Amasa Delano, after all, was a liberal Christian, a new man of the American Revolution. He was born in the coastal Massachusetts community of Duxbury, a hothouse of natural-law republicanism. As a boy, he received his moral education from a series of ever more radical ministers who swept away the Calvinist gloom that had draped New England like a shroud since the early days of Puritan settlement. Like many of his generation, Delano was raised in optimism and taught that certain truths were self-evident: men were both in charge of their destiny and capable of perfection; moral authority was rooted within the individual; and the natural condition of humanity was freedom. Delano believed himself born free, not just free of slavery but of the master-slave relation itself, in all its forms. It wasn’t the mystery of God and subservience to his will that would bring salvation; rather, “pure, unabused reason,” as one especially popular Duxbury minister preached, was the “suitable guide to bliss and glory.”

The West Africans, on the other hand, were mostly Muslim, probably Sufi Muslim (a fact Delano didn’t mention in his memoir, and therefore Melville didn’t know), a religion often portrayed as fatalistic. Its theologians and philosophers tend to define virtue not as individual emancipation but as the psychological and spiritual submission of the self to divine authority. Sufis in particular used slavery as an analogy for nurturing an intimate relation with Allah, of freeing oneself from worldly desire and submitting one’s will and being to God. “Let it be known,” wrote the eleventh-century Sufi theologian Abd al-Karim ibn Hawazin al-Qushayri, “that the real meaning of freedom lies in the perfection of slavery.”

In a way, giving themselves over is what Babo, Mori and the others did. 

Over the course of their nearly two-year ordeal, they used the Islamic lunar calendar to give meaning to their misery, to try to calm their fears by relating their sufferings to the unfolding of divine will. Watching the moon, they kept track of their movements around nearly half the world: first out of their homes somewhere in West Africa, across the Atlantic into Montevideo and Buenos Aires, and over the hypnotically flat pampas. They were about to begin a freezing climb up the ice-covered Andes, walking in a single-line coffle, necks chained together, in the shadow of the tallest mountain in the Americas, when Ramadan started. It was an extreme experience that must have collapsed their physical and spiritual worlds into one another, giving them the sense that they were actually approaching the absolute.
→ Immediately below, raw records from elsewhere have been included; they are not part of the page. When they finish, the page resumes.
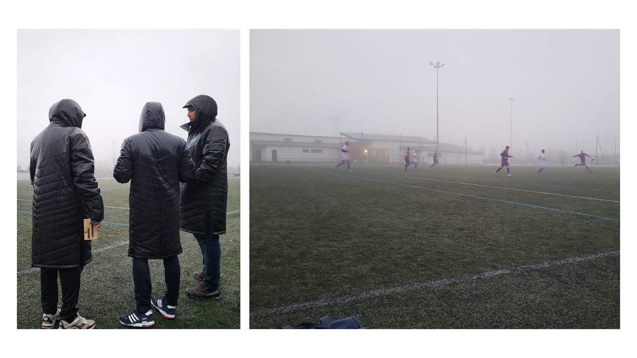 Malgré un effectif amoindri et des conditions météos épouvantables (pluie intense, froid, brouillard par moment), les guerriers du jour mettent rapidement le pied sur le ballon face à une équipe elle aussi amondrie et rapidement dépassée dans le jeu. Difficile tout de même de trouver la solution dans une premiere demi-heure où nous manquons une ou deux occasions. La délivrance arrive par le biais d'une belle chevauchée de Salim qui ouvrait le score (1-0). Quelques minutes avant la mi-temps, Vincent vient faire le break d'une belle frappe au ras du poteau. Mi-temps sur le score de 2-0.
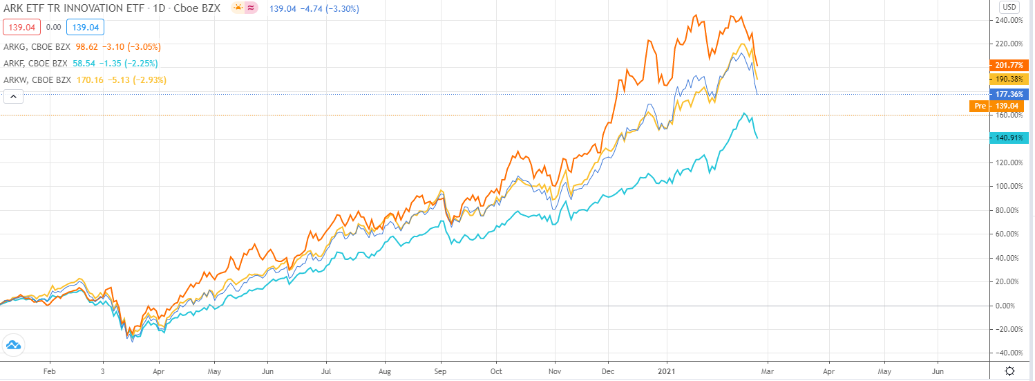 Сейчас динамика всех ETF-ов от ARK выглядит как разворачивающийся пузырь:
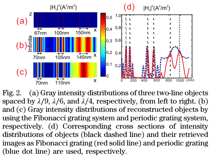 1. 利用一维斐波那契光栅将倏逝波转换为传播波,实现远场超分辨成像。
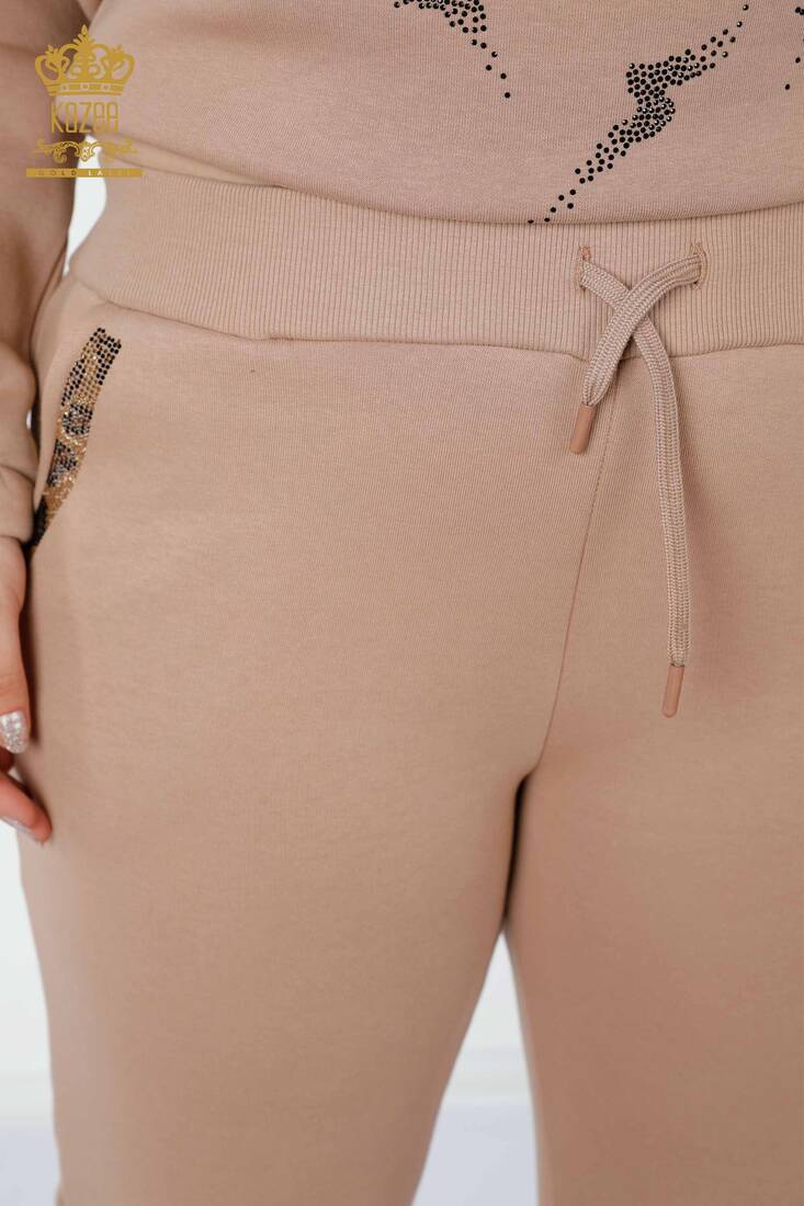 Women's Tracksuit Set Tiger Detail Stone Embroidered Pocket Crew Neck Mink - 17473 | KAZEE

Within two weeks, they were in Valparaiso, Chile. They embarked quickly on the Tryal, and the holiest day of Ramadan fell when they were about six days out of port: Laylat al-Qadr—the Night of Power, or the Night of Destiny, when the Angel Gabriel appeared to Muhammad. The event is described in the Koran: “Therein come down the Angels…. Peace!… This until the rise of morn!” The day marks the reconciliation of free will and predestination, reminding the faithful of Allah’s promise to deliver them from history’s sufferings. And on the eve of this day the West Africans chose to seize the ship, execute most of the sailors and their slaver, and demand to be returned home. 

Then, to pull off their deception, they had to abandon the outward manifestations of the freedom they had won with their rebellion, a freedom that in any case was proving to be false: it was slipping away with each day they spent in the Pacific short on food and out of water. In order to inhabit their parts and trick Delano, they had to suppress their passions and appetites—literally so, as they were starving and thirsty—and take on the appearance of humble, inconsequential beings. They “perfected slavery.”